Part 2 of 3 – The Interviewer
This is the 2nd part of our 3 part series discussing interview etiquette…this time, we’re focusing on the interviewer or hiring manager…
I recently read an eye-opening article, The 7 Deadly Sins of Good Hiring, which has some insightful commentary on how an interviewer should behave and since not all hiring managers are naturally great interviewers, thought this would be a relevant article.
Interviewing a potential candidate for a position as a hiring manager may seem pretty logical. But for some hiring managers, the interviewing process can be overwhelming, and if not done properly, can make the wrong impression on your candidate, and in some cases quite possibly tarnish the reputation of the company or even put your employer in a sticky legal situation.
So just as you expect certain etiquette from a job seeker, the same is expected of you, the hiring manager. You’re setting the tone for a possible long-term relationship.
The Resume – The process has started, your in basket begins piling up with resume upon resume. It will take time to sift through the resumes to begin your candidate selection process, ensuring that the information on the resume meets your qualification criteria.
Be Prepared – Before you reach out to the candidate you should have a clear map of your interview process. If your department and/or HR hasn’t established interview guidelines, it’s time to do so now. Consistency in the process allows all of the candidates a fair shot at being considered for the position and provides you and your team an “apples-to-apples” comparison. There are enough variables in interviewing each candidate such as personality, background, etc., and you don’t need to complicate matters further by not having a process.
Your Team – Your team should consist of key players in your department and those who will have direct interaction with the prospective candidate once hired. So if you’re hiring a graphic designer and you’re the Art Director, it would be a good idea to have the Creative Director, a Sr. Graphic Designer, and perhaps your VP of Marketing or Creative as well. Have your interview team prepped with the job description, the candidate’s resume and portfolio and provide a clear interview itinerary to all involved.

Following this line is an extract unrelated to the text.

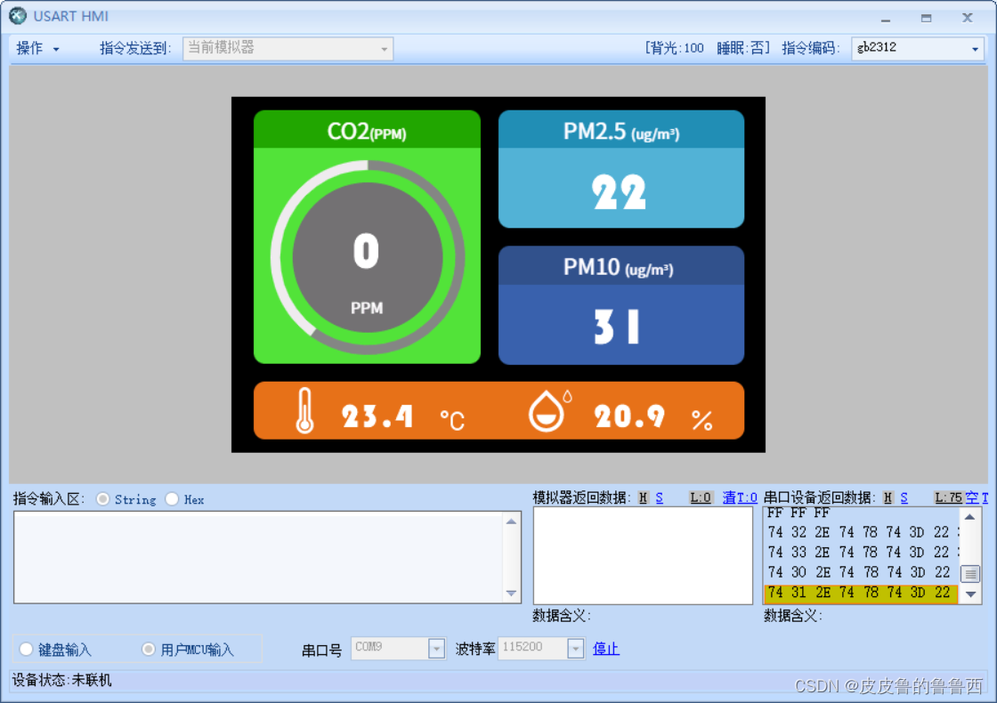 sprintf(pm25,"t2.txt=\"%d\"\xff\xff\xff",(back_data[6] * 256 + back_data[7])); //格式化PM2.5数据并赋值给t2.txt( 串口屏定义的PM2.5控件),传感器返回帧6、7位是16进制PM2.5数据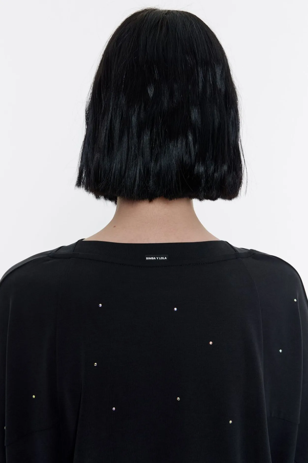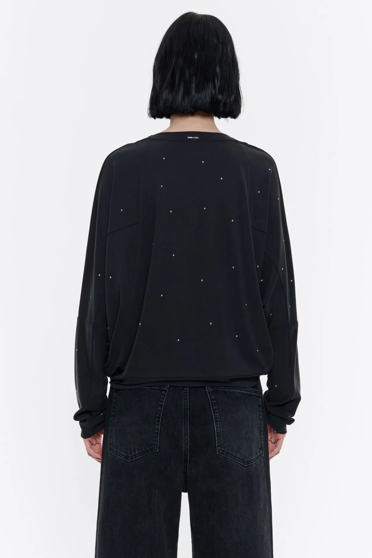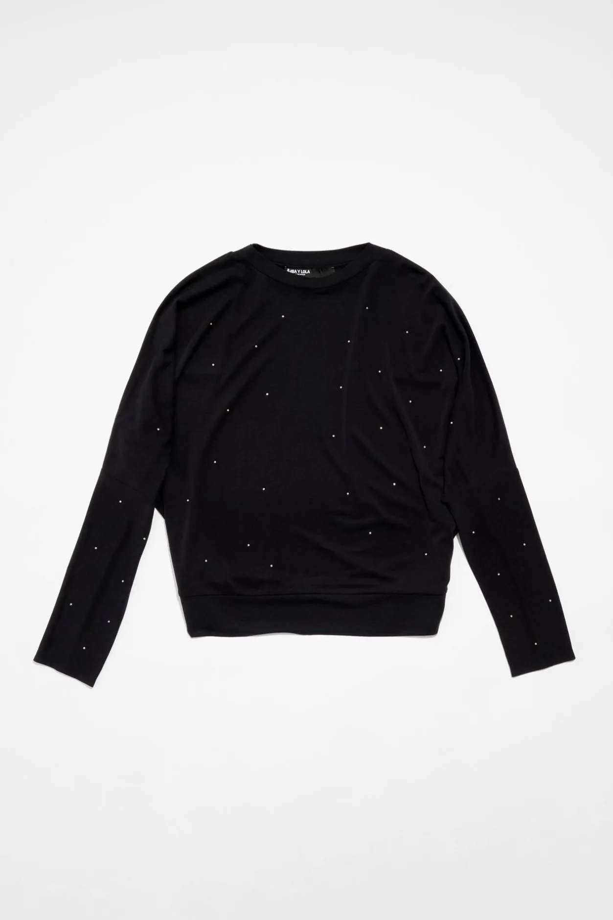 Camiseta Con Piedras Multicolores En Color Negro Lavado. Modelo De Corte MurciÉLago, Cuello Redondo Y Manga Larga.

Treat the Interview as a Meeting – This is an important business meeting, treat it as such. Publish a schedule and agenda and be sure each team member, including the candidate, has a copy of it. Stick to the schedule – 5-10 minutes of going over schedule for say, 4 people, amounts to 40 minutes added to the interview. Stay on track – it’s not fair to the candidate and it’s not fair to your colleagues.
Next Steps – Have next steps defined at the end of the interview. Let each candidate know when they can expect to hear from you. Please be sure to phone each candidate regardless of your interest in them. It’s not ok to leave someone hanging because you’re not interested in hiring them.
In the end, your etiquette is an important factor in representing your company to your prospective employees.